Wow, there’s plenty here in Rockville to keep your feet tapping all year but I’d love to make it a dozen. If I missed a local concert venue or presenter (local means within two miles of the Red Brick Courthouse), please share it in the comments below.
It was a bit warm this weekend, but still a great time to enjoy Rockville’s annual Hometown Holidays. I love seeing lots of people downtown enjoying our fair city, and I also like to see what’s happening with restaurants through the “Taste of Rockville” (you may figured out I’m a bit of a foodie). Lots of restaurants were there and the most exciting was Oro Pomodoro, who was making pizzas with a portable wood-burning oven. Some people may be disappointed in the lack of variety, but participating in a “taste” event is very difficult–restaurants often have to stretch their resources to staff a second location for two days and then guess at how much food to bring. Most do it as a community service and hope it will result in future customers–they rarely make any profit at these events. Alas, the “tastes” were large and typically cost $5 so I only managed to try out three restaurants. I hope next year they’ll include smaller menu items in the $1-3 range to encourage people to take a risk on something new.
There was plenty to do for families (which also meant lots of strollers to navigate) but adults could probably explore it all in a couple hours unless you enjoyed an entire performance. The City did a great job of placing and scheduling bands carefully throughout downtown, but setting up all the stages and chairs also pointed out that we lack obvious community gathering places downtown (hardly any benches and shade trees arranged for a group of a dozen or more people). Let’s hope the new buildings going up soon will solve that.

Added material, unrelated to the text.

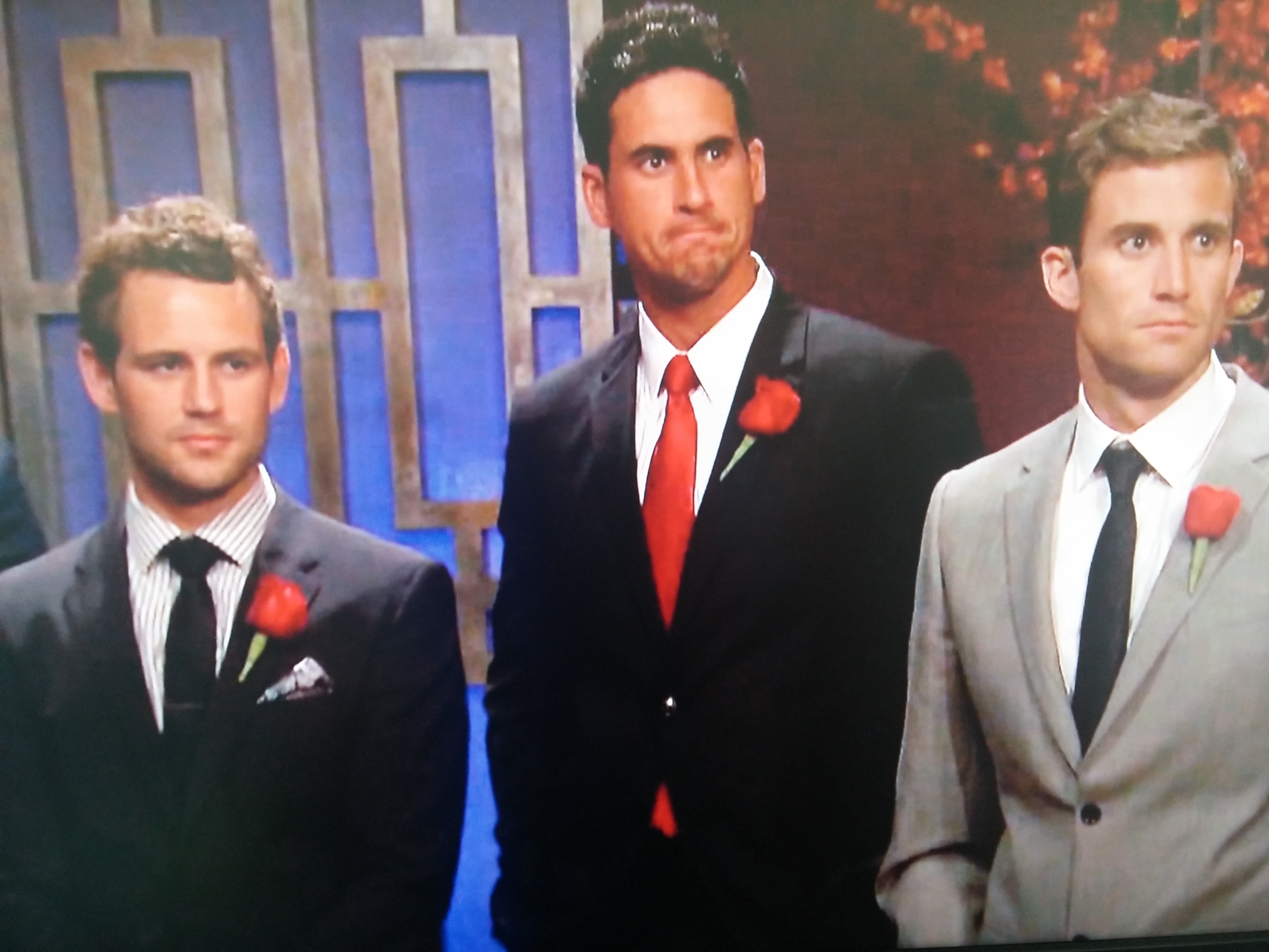 Of course, it’s not a cocktail party without a little drama. JJ gets his pants in a bunch (ha!) because Skeevy Andrew got a number from a girl on the second night they were in LA. JJ recruits Josh (because he got beat up by Josh in high school and he knows what he’s capable of) and they confront Andrew about getting the number. Andrew hides in his room until he has time to get his story straight. He got a number, didn’t do anything with it, end of lie story. Unsurprisingly, Patrick comes to his defense, because he can’t imagine life in the house without Andrew. I think he’s secretly hoping Andi picks both of them in the final episode and she takes turns being their beard during holidays. I honestly don’t know what these guys are arguing about. They have cameras on them 24 hours a day, can’t they just go to the tape? I guess a whiny bitch-fest makes for better TV. Mercifully, Chris Harrison ends their little slap fight by announcing the rose ceremony.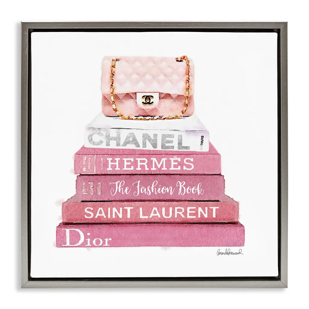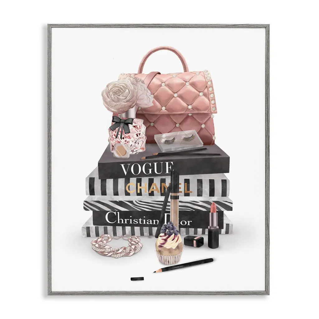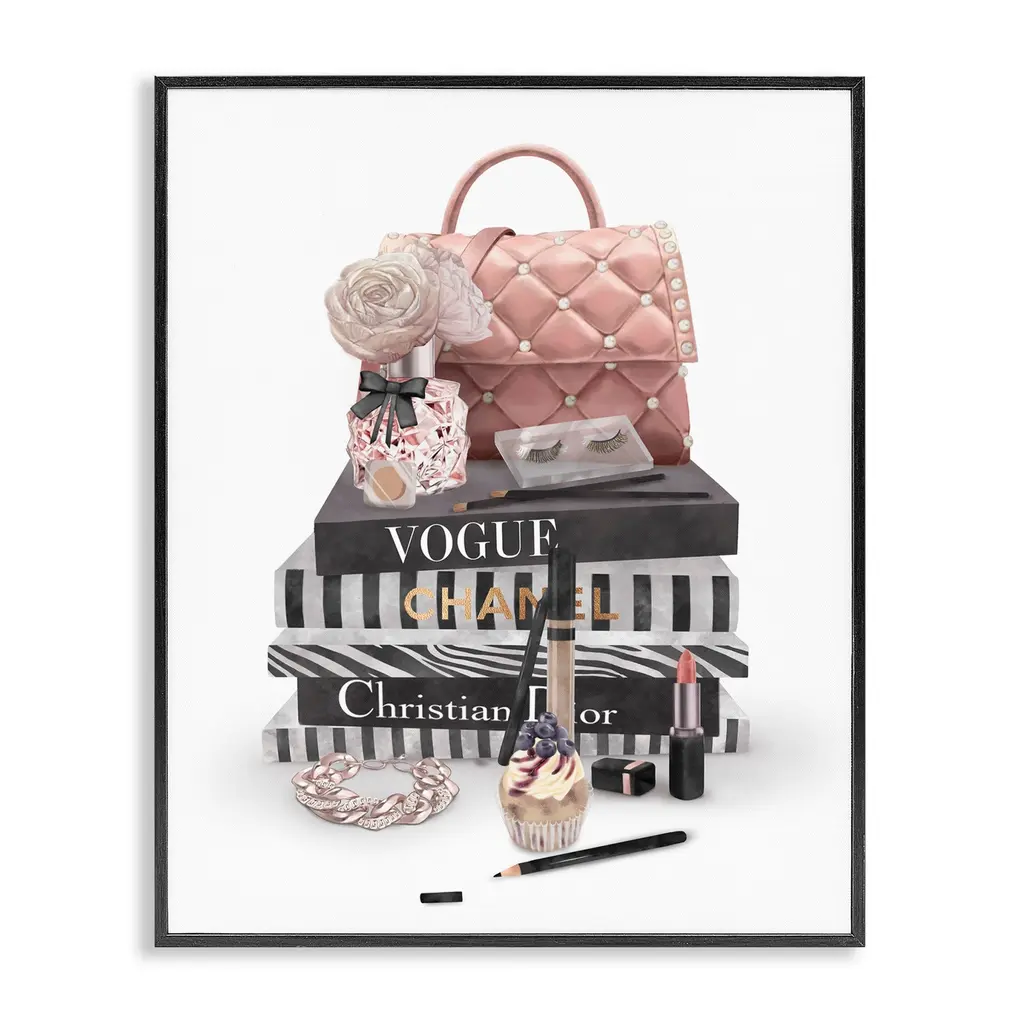 Stupell Fashion Bookstack Purse Perfume Pink Glam Design Framed Wall Art - 16 X 20 - Black

I’ll be filling a booth at Hometown Holidays on Memorial Day weekend so I can meet people and gather signatures for my petition to get on the ballot as a candidate for Rockville City Council. By itself, that can be a pretty boring activity for a booth, so I’m bringing a couple “talk-back” boards (a pre-blog/Facebook technique used in museums to encourage interaction with an exhibit) to allow people to share ideas and concerns about Rockville. Plus, I’ll bring my postcards of Rockville, which I’ll be giving away (but encouraging a donation to Peerless Rockville). Hope to see you then!